Every week, the Array team reviews the latest news and analysis about the evolving field of eDiscovery to bring you the topics and trends you need to know. This week’s post covers the period of September 7-13.
Here’s what’s happening.
On the EDRM Blog, Michael Berman writes about a partially successful metadata privilege log challenge in Jeffries Funding LLC v. Dasagroup Holdings Corp. Dasagroup’s privilege log at issue included these fields for each row corresponding to a withheld email document:
- Beginning and ending Bates numbers
- Custodian
- Sent Date and Sent Time
- Email From
- Email To
- Email CC
- Email BCC
- Email Subject
- File Name
- File Author
- Privilege Claimed
- Privilege Description/General Subject Matter
Dasagroup redacted some of the “Email Subject” and “File Name” fields, which Jeffries challenged, asserting that the redactions led to insufficient information being provided about the subject matter. Dasagroup argued that the redactions were proper because they applied to privileged email subjects and file names. The court agreed: “To the extent an email subject line or a file name reasonably constitutes an attorney-client communication in and of itself, redacting that information from a privilege log does not run afoul of the Ninth Circuit’s standards or Rule 26(b)(5).”
Jeffries was successful on two other challenges, however. It argued that the “Privilege Description/General Subject Matter,” was also deficient because for each document with a redacted email subject and file name, the “Privilege Description/General Subject Matter” line did not provide any description of the contents or even general nature of the withheld document. The court agreed and ordered Dasagroup to serve an amended privilege log that provided “sufficient textual description of the nature of the document (i.e., a brief statement of the subject of the content) to justify the assertion of privilege.”
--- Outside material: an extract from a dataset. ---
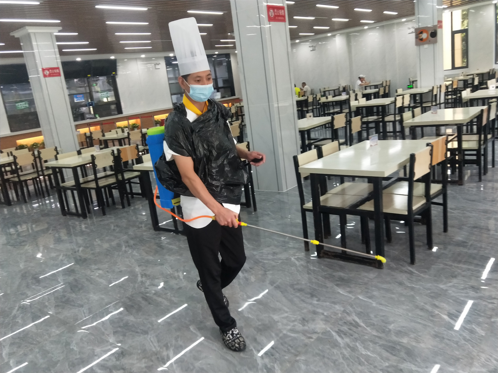 加強(qiáng)消毒管理,做好環(huán)境消殺。嚴(yán)格執(zhí)行公司疫情防控措施,就餐時(shí)間安排專人值守,維持秩序,督促就餐職工遵守防疫規(guī)定。同時(shí),加強(qiáng)衛(wèi)生保潔,對(duì)就餐桌椅和餐具嚴(yán)格消毒,并安排工作人員每天定時(shí)對(duì)餐廳及周邊環(huán)境進(jìn)行消殺。

Also, Jeffries successfully challenged the privilege log entries for email attachments that did not provide information about the author, recipient or email subject. The general subject matter field only provided a generic privilege assertion without describing the document. The court agreed with Jeffries, writing that “without further information … it is difficult to ascertain” whether the attachments were themselves privileged communications. The court ordered Dasagroup to serve an amended privilege log to justify the assertion of privilege as to each withheld document.
Berman, respectfully, wrote why he disagreed with the court here. “I suggest that information about what a client sent to their attorney is privileged, even though the underlying document itself is not privileged. The underlying document should be produced separately if it is not privileged in itself and is responsive.”